Context
This dataset is a playground for fundamental and technical analysis. It is said that 30% of traffic on stocks is already generated by machines, can trading be fully automated? If not, there is still a lot to learn from historical data.
Content
Dataset consists of following files:
- prices.csv: raw, as-is daily prices. Most of data spans from 2010 to the end 2016, for companies new on stock market date range is shorter.

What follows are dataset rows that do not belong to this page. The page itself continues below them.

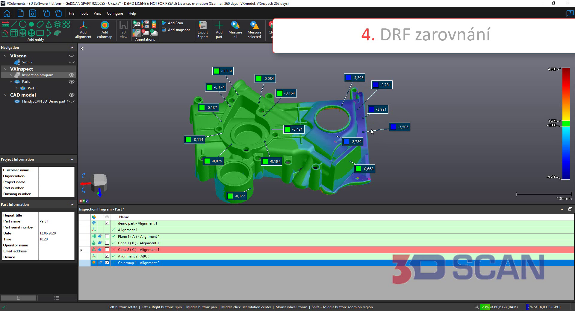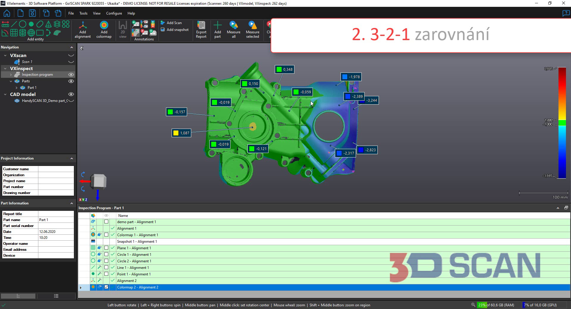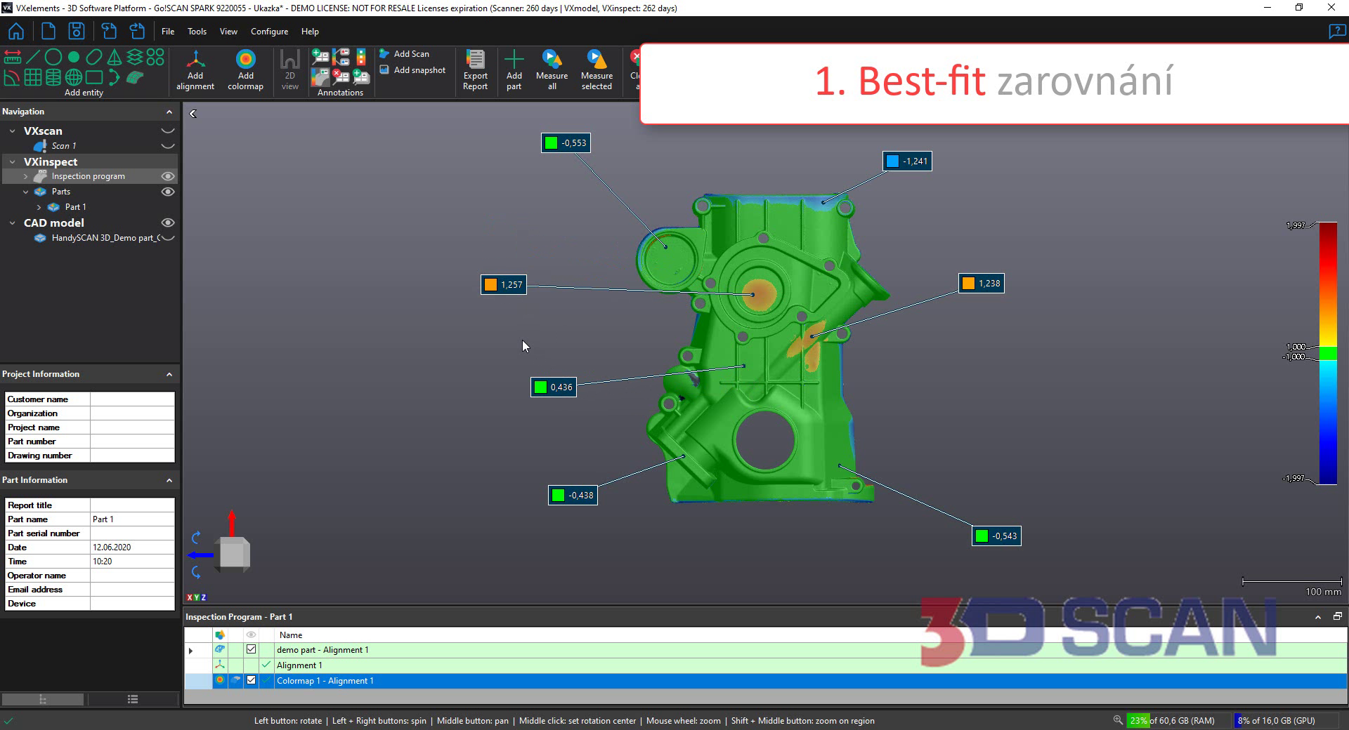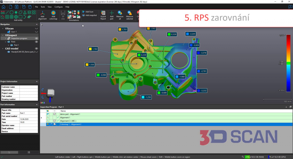 Při kontrole vyrobeného dílu nelze předpokládat, že jej naskenujeme a z programu automaticky dostaneme výsledek s odchylkami oproti CAD modelu. Inspekční programy nemohou vědět, jak má být daný díl přesně vyroben, jaké jsou jeho funkční vlastnosti a které body jsou důležité pro správné zasazení dílu do celkové sestavy.
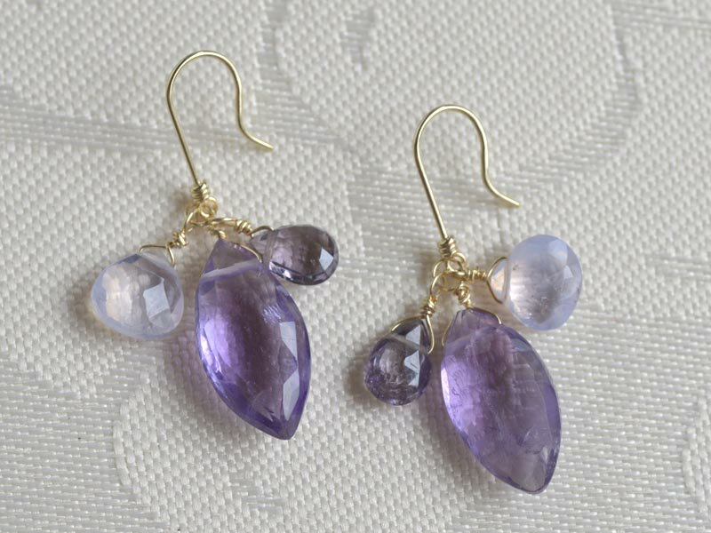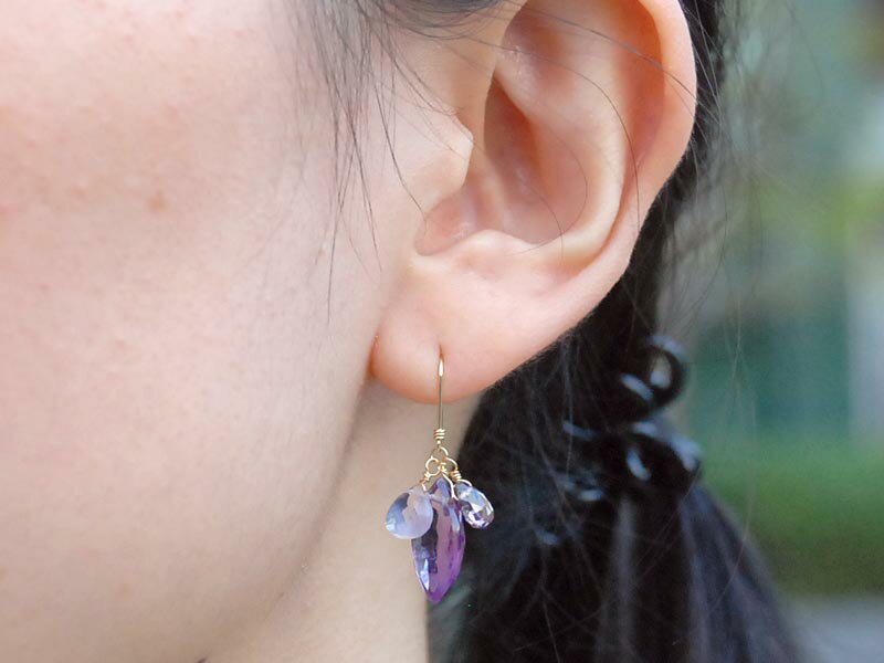 長さ:約16mm(金具含まず) 素材:アメシスト・スピネル・クォーツ・K18 金具:ピアス K18フック式 日本製
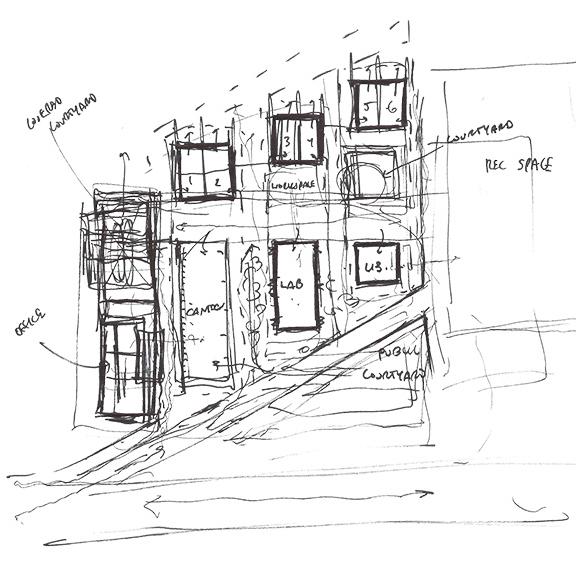 How can a school play a larger role in its community? How does the form of the school influence its relationship to the community and the landscape? What does mean in a place that can go months without rain? H ow can the educational environment be kept comfortable in extreme climatological conditions? W hat does construction look like in a place with limited resources? W hat is the relationship between volume and void?
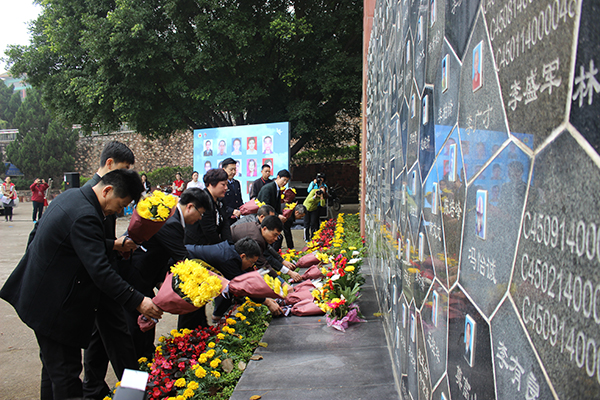 向纪念墙敬献鲜花

There have been approx. 140 stock splits in that time, this set doesn't account for that.
- prices-split-adjusted.csv: same as prices, but there have been added adjustments for splits.
- securities.csv: general description of each company with division on sectors
- fundamentals.csv: metrics extracted from annual SEC 10K fillings (2012-2016), should be enough to derive most of popular fundamental indicators.
Acknowledgements
Prices were fetched from Yahoo Finance, fundamentals are from Nasdaq Financials, extended by some fields from EDGAR SEC databases.
Inspiration
Here is couple of things one could try out with this data:
- One day ahead prediction: Rolling Linear Regression, ARIMA, Neural Networks, LSTM
- Momentum/Mean-Reversion Strategies
- Security clustering, portfolio construction/hedging
Which company has biggest chance of being bankrupt? Which one is undervalued (how prices behaved afterwards), what is Return on Investment?